In certain embodiments, additional conductive strips 129 may be disposed on the surface of the monocular housing 107 on additional areas of anodized metal. Non-limiting examples would be two conductive strips 129 for remote gain control of an image intensifier, or additional conductive strips 129 for basic items like a mini USB connection for transfer of basic information to a thermal camera. Connections may also be made to an external image display.
In the embodiment shown in
As an alternative or in addition to putting the conductive strips 129 on the monocular housing 107 or movement features 110, the monocular 105 may incorporate spring-biased contact pins 121 which press on the eyepiece housing 104 for electrical contact. In such an embodiment, the interior of the eyepiece housing 104 may be plated with conductive material, resulting in an electrical connection from the monocular 105 to the eyepiece housing 104 and thence to the batteries or other power supply 109. In this embodiment, the interior of the eyepiece housing 104 does not need to be a conductive strip 129, although such a design is contemplated in other embodiments.
This monocular housing 107 also has the necessary focus features to allow for objective lens 119 to move relative to the input of the sensor. In this specific embodiment there are focus pin holes and pins 114. Finally, the monocular housing 105 has integrated into it focus stops 115 and seals 116 for environmental robustness.

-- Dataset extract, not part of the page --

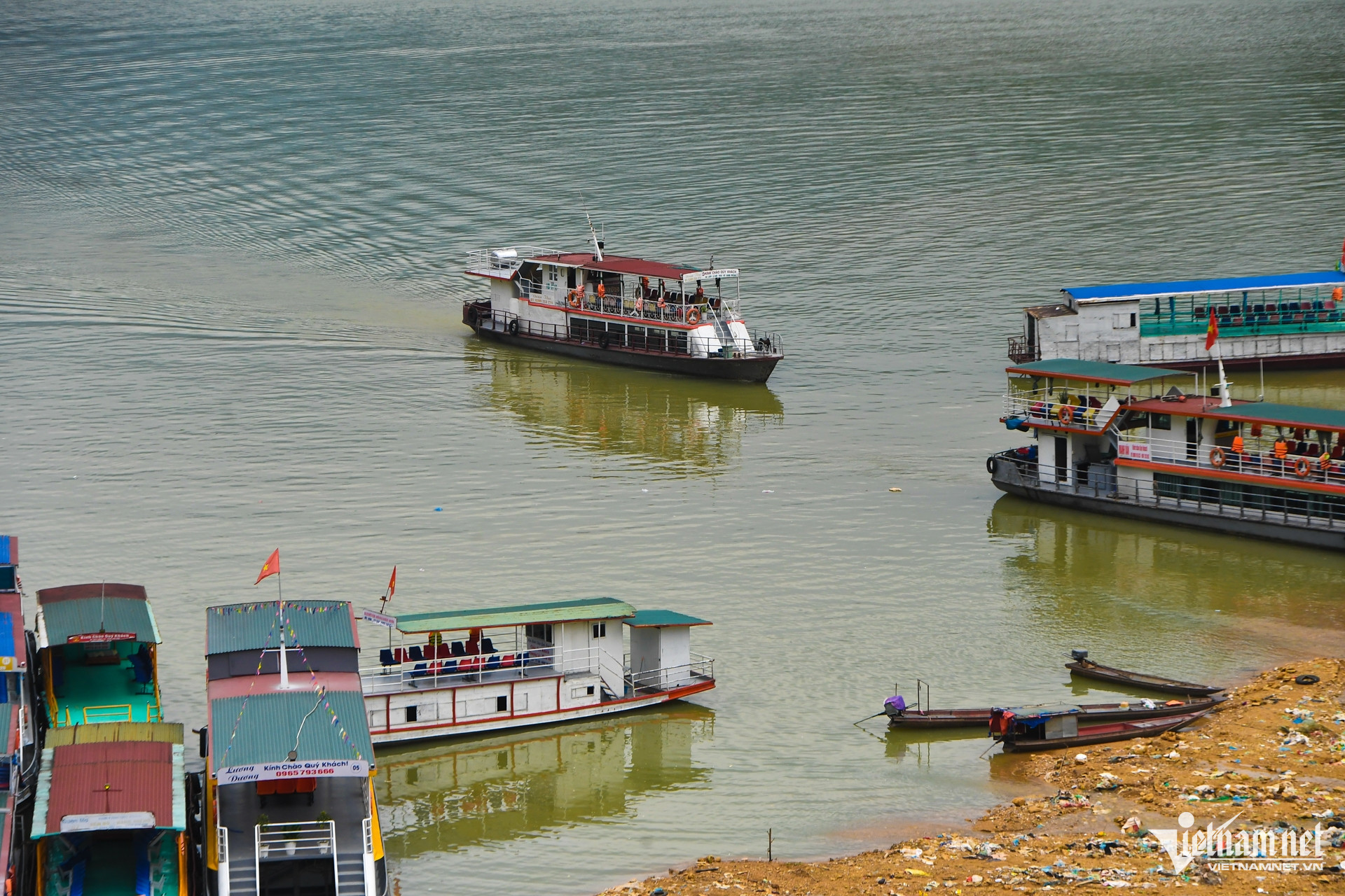 10 năm đưa khách du lịch trên đập thủy điện Hòa Bình, bà Trần Thị Thoa chưa từng thấy mực nước hồ cạn sâu đến vậy. Thuyền bè khó di chuyển do bám bùn, khách ít, bà và nhiều người khác quyết định neo đậu, nghỉ việc vài tuần.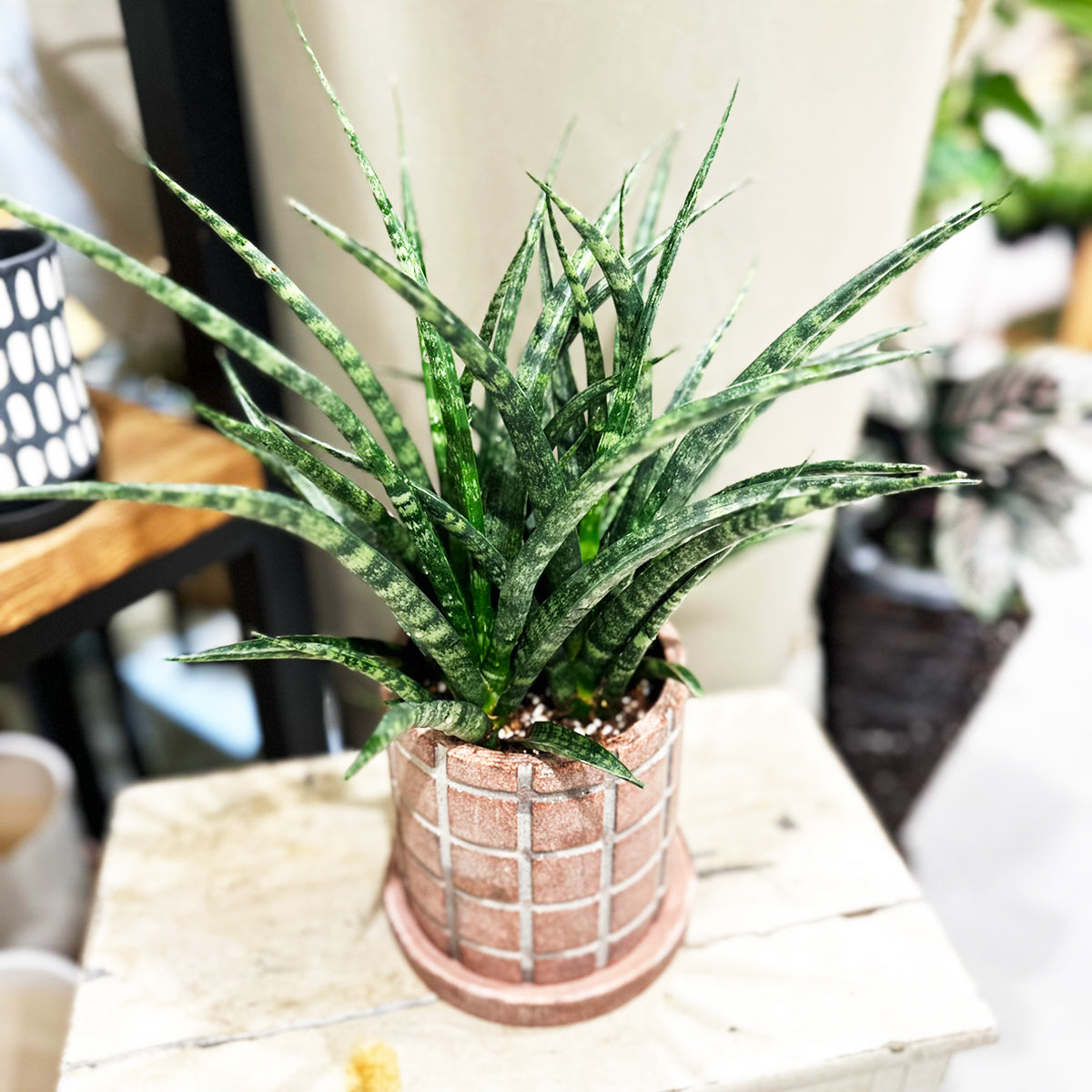- 玄関のちょっとしたスペースやシューズボックスの上などに置くのに最適です。場所を取らず、さりげなく緑を添えられます。複数の小型サンスベリアを並べて飾るのもおすすめです。

As pertaining to the objective lens 119, the objective lens 119 is a set of optical elements in an appropriately designed housing. The objective lens 119 includes the objective focus mechanism 123 for adjusting the objective focus relative to the input of the image sensor 108. In the exemplary embodiment, the objective focus mechanism 123 is at least one objective focus thread interference fit onto the objective lens barrel 124. A focus adjustment knob 127 mounted onto the objective lens barrel 124 allows a user to grasp and adjust the objective lens 119. The objective lens 119 also contains integral objective stops 125 and objective environmental seals 126.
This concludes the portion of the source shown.